I'm super excited about the ability to get good quality bindings to tree-sitter! Tree-sitter is a very cool project but it needs a little love in a few regards. A better WebAssembly story, good bindings, and the ability to construct trees synthetically (to facilitate code generation) would make it a really remarkable tool.

As for rust-sitter, it's a very promising direction. The error story needs a little work. I found it pretty hard to debug issues with my grammar. And it is slightly annoying having all those extra () fields in the struct, but that's really a minor complaint.

shadaj · on Feb 23, 2023

Yeah, definitely agree on WebAssembly! We have https://github.com/shadaj/tree-sitter-c2rust for running Tree Sitter on WASM via Rust, but definitely more potential in that direction. And very much agree on the error story needing work, right now it's mostly `panic`s everywhere and could definitely be improved with richer diagnostics.

shilangyu · on Feb 22, 2023

Are there any benefits for users that tree-sitter is used under the hood? Can we benefit from the killer features of tree-sitter? Namely incremental parsing, fallible parsing, lossless syntax tree, or being embeddable into editors supporting tree-sitter syntax highlighting?

shadaj · on Feb 22, 2023

Yes!

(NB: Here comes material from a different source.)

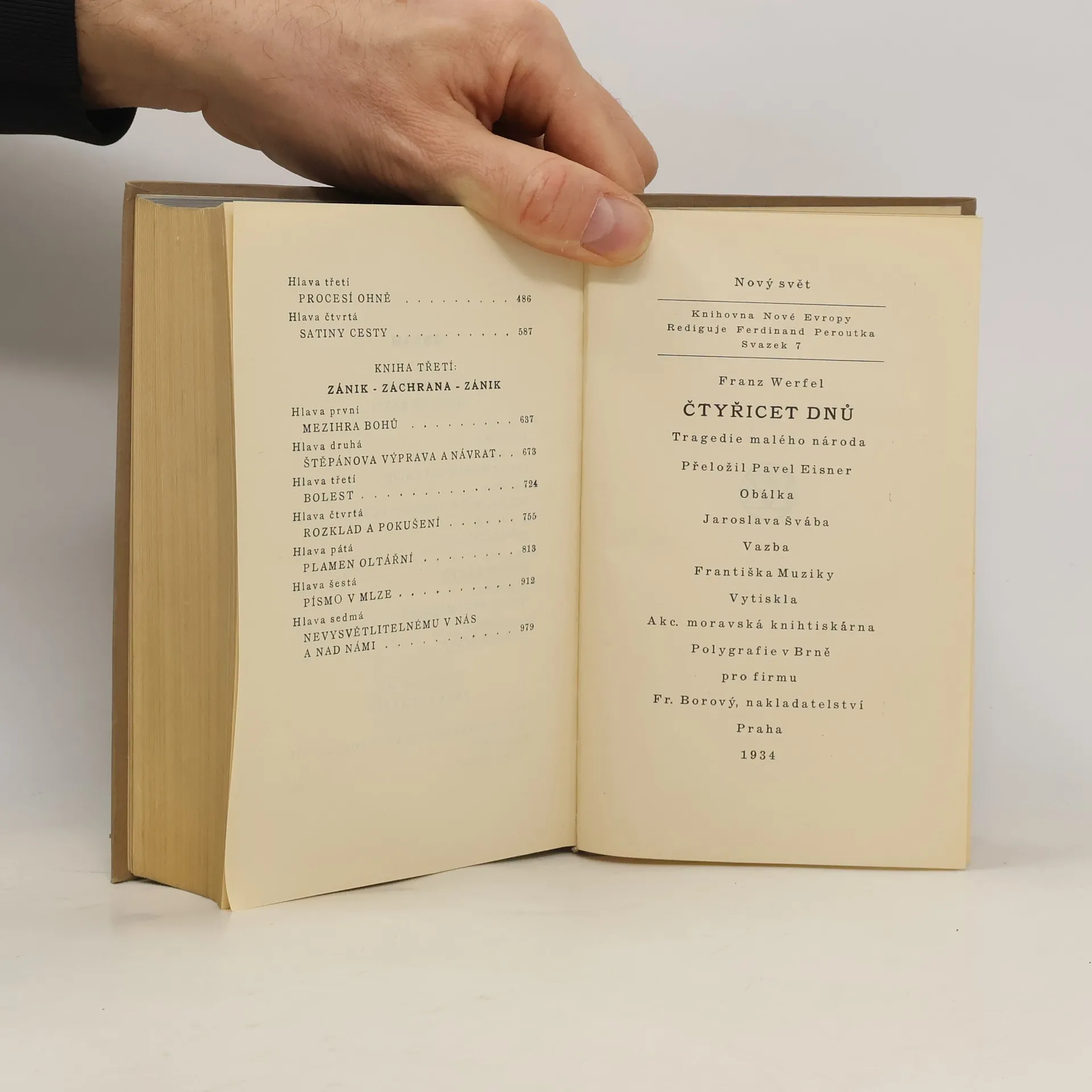 Inspirací této sugestivní knihy byl život arménských uprchlíků v Damašku po 1. světové válce. Za války se turecká armáda pod záminkou zajištění týlu dopouštěla nelidské genocidy na arménských obyvatelích svého území hromadnými deportacemi do mezopotamské pouště. Proti tomuto údělu se vzbouřila skupina arménských sedláků, kteří se pod vedením vzdělaného obchodníka opevní na náhorní planině a po čtyřicet dnů se brání proti zuřivému náporu Turků. Jejich vůdce obětuje za svůj lid život, ale umírá s vědomím, že ti, kteří přežili toto období, jsou zachráněni a mohou prchnout do Egypta.

Right now, the main benefits are the ability to write grammar definitions that are quite close to the ideal AST structure (made possible by Tree Sitter's grammar format), and being able to embed the parser in many different applications (including WASM via https://github.com/shadaj/tree-sitter-c2rust). Rust Sitter also gives quite nice error diagnostics with spans thanks to Tree Sitter's recovery logic.

Fallible parsing is something I plan to implement in the very near future, by letting users wrap types in `Result` to mark them as an error boundary. Incremental parsing is a bit more difficult, since we'll need to add logic to know when an existing AST struct can be reused, but is on the roadmap.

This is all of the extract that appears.